It is widely understood that marginalized groups are disproportionately harmed by the criminal justice system. Biases play a significant part in the level of conviction for a crime, further widening the gap of societal inequality.
By using technology to analyze crime data, underlying prejudices and biases in outcomes for incidents of crime can be identified. Using a dataset that provides information about the case such as the location, type of crime, FBI code, and whether an arrest was made or not, trends in data can be analyzed to understand what the standard outcome of a case should be. If possible, with a dataset that provides the years sentenced, the number of years sentenced for a case can also be predicted. The goal of this project is to use previous crime data to predict and classify the outcome of a crime incident.
With the increasing use of AI in jury cases, it is essential to understand the biases and ethical considerations behind many arrests. Such a classifier could be used to create an unbiased, objective verdict on a criminal case that can be used as a baseline, helping improve the quality and efficiency of the criminal justice system.

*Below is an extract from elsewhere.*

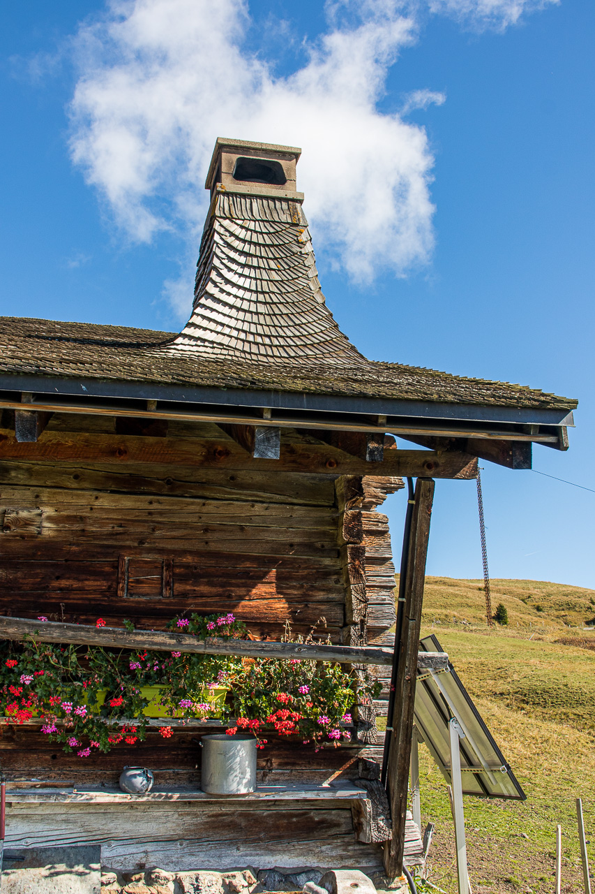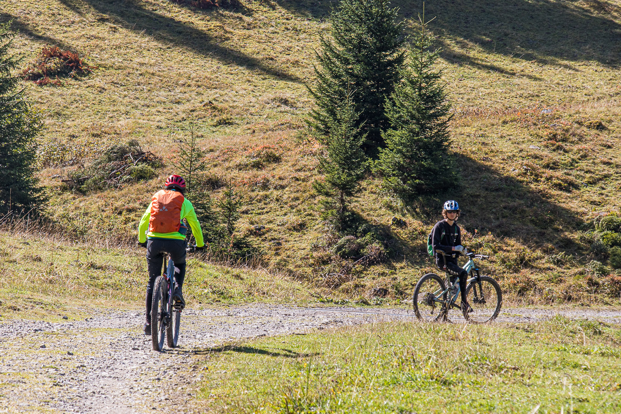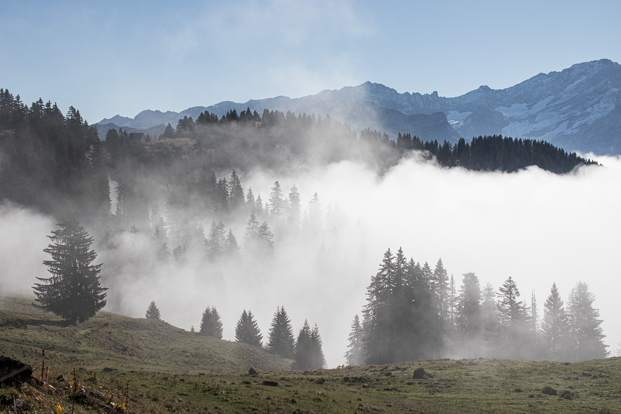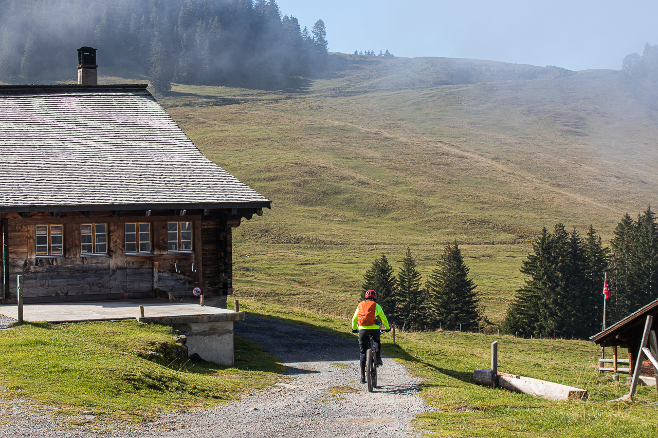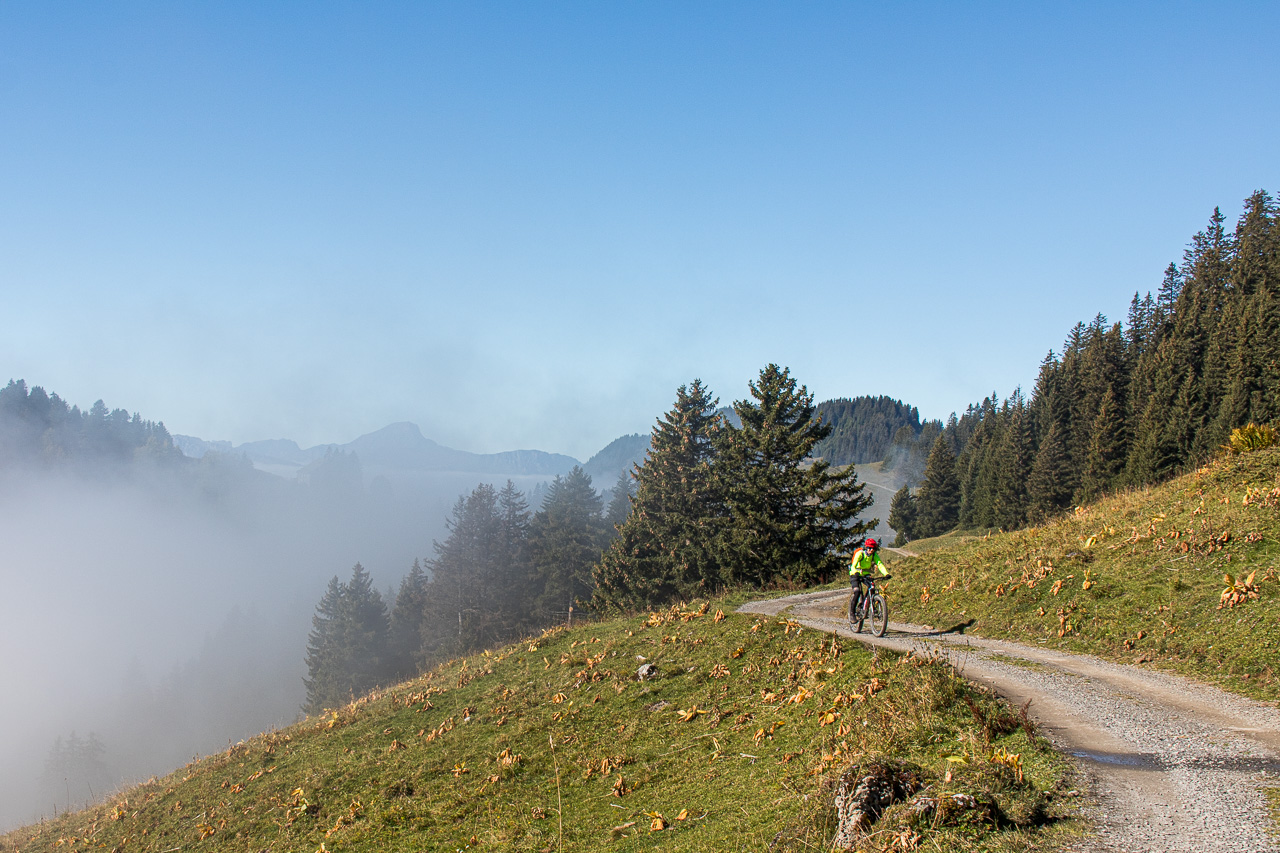 Gemütlich fahren wir auf der Alpstrasse abwärts und zwischendurch auch ein wenig aufwärts. Bei Punkt 1780 trennen wir uns, Fabian fährt den Singletrail, die Frau und ich bleiben auf der Strasse. Dass Nebel alles andere als statisch ist, bekommen wir hier wieder zu spüren, wir sind immer so am Rand davon. Beim Weiler Ensex treffen wir uns wieder, ein idealer Ort für eine Rast. Wir geniessen die Sonne und die angenehmen Temperaturen.
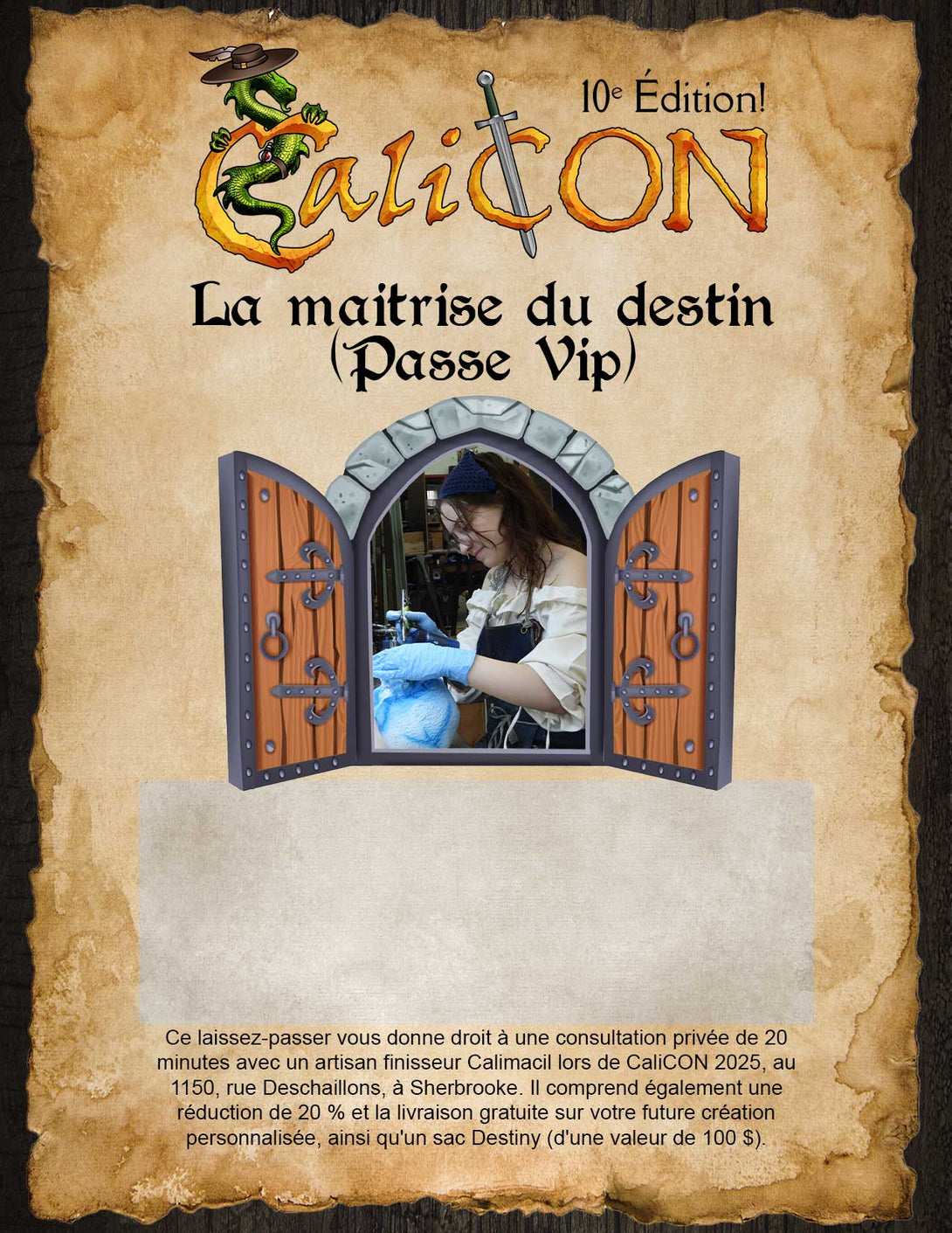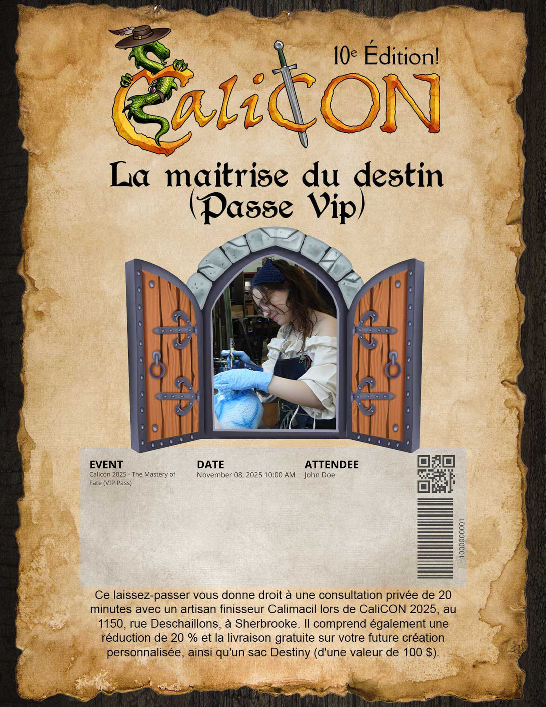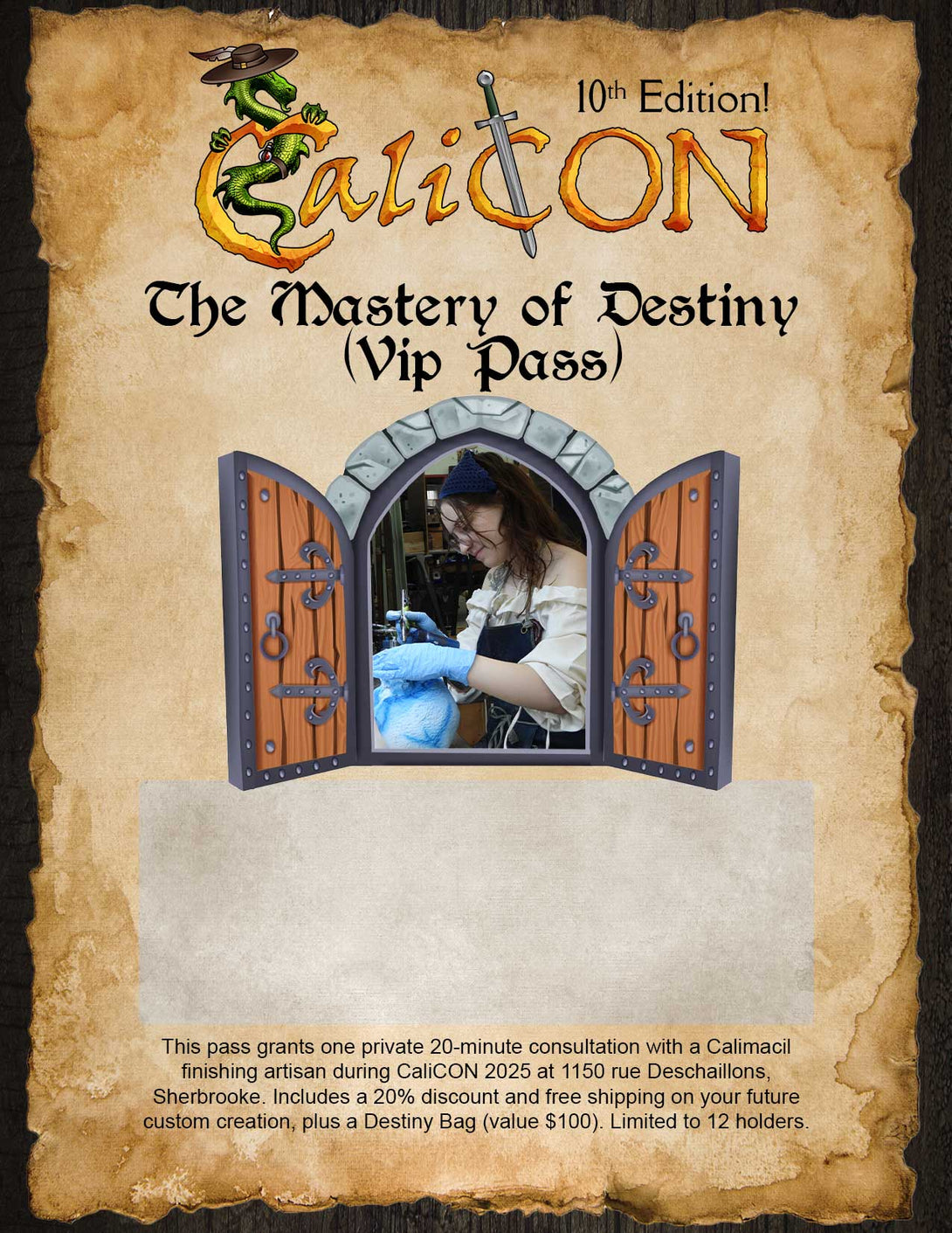 Every hero faces a turning point — a moment to shape their destiny. The Mastery of Destiny is that moment. This exclusive VIP experience at CaliCON 2025 offers you privileged access to the creative heart of Calimacil: a private design consultation with one of our finishing artisans, held directly inside our workshop in Sherbrooke.

A potential setback to this classifier is the data itself potentially has many discrepencies based on prejudice. For example, variables such as race, class, gender, and age are all factors that influence the outcome of a criminal case, and training on a biased dataset may produced biased outcomes.
Link to dataset: https://www.kaggle.com/datasets/chicago/chicago-crime
Relevant columns:
date | primary_type | description | location_description | arrest | community_area | fbi_code | year |
---|---|---|---|---|---|---|---|
07/17/2012 11:30:00 | PUBLIC PEACE VIOLATION | RECKLESS CONDUCT | SIDEWALK | True | 50 | 26 | 2012 |
05/24/2002 11:47:42 | ROBBERY | ARMED: HANDGUN | PARKING LOT/GARAGE(NON.RESID.) | False | 50 | 03 | 2002 |
05/08/2005 09:20:00 | BATTERY | AGGRAVATED: OTHER DANG WEAPON | SIDEWALK | False | 49 | 04B | 2005 |
06/21/2007 11:30:00 | BURGLARY | FORCIBLE ENTRY | CHA APARTMENT | False | 49 | 05 | 2007 |
09/07/2010 09:41:00 | THEFT | OVER $500 | SCHOOL, PUBLIC, GROUNDS | True | 50 | 06 | 2010 |
12/15/2008 10:18:00 | HOMICIDE | FIRST DEGREE MURDER | STREET | False | 49 | 01A | 2008 |
04/21/2018 10:00:00 | CRIM SEXUAL ASSAULT | NON-AGGRAVATED | APARTMENT | False | 50 | 02 | 2018 |
09/05/2018 12:00:00 | CRIMINAL TRESPASS | TO LAND | CONSTRUCTION SITE | True | 49 | 26 | 2018 |
05/10/2007 03:15:00 | NARCOTICS | FORFEIT PROPERTY | STREET | True | 49 | 26 | 2007 |
02/11/2003 01:35:00 | OTHER OFFENSE | VIOLATE ORDER OF PROTECTION | RESIDENCE | False | 49 | 26 | 2003 |
This project seeks to use the features above to estimate the outcome of an inputted criminal case.
As stated before, a large problem is in the bias of the dataset. Current biases in the criminal justice system influence the outcome of arrest, which undermines the credibility of this classifier. Furthermore, because it is important to consider the nuances in criminal cases, this classifier can only be used as a baseline judgement on whether or not a person should be arrested for their crime.
This is a classification problem: the data above can be used to predict whether a person will be arrested for their crime. With a more thorough dataset including sentencing of convicted cases, it can potentially be a regression problem where the amount of years sentenced can be predicted based on information from earlier cases. This approach offers a less-biased and efficient method to determining arrest cases by eliminating confounding variables that typically negatively affect minorities.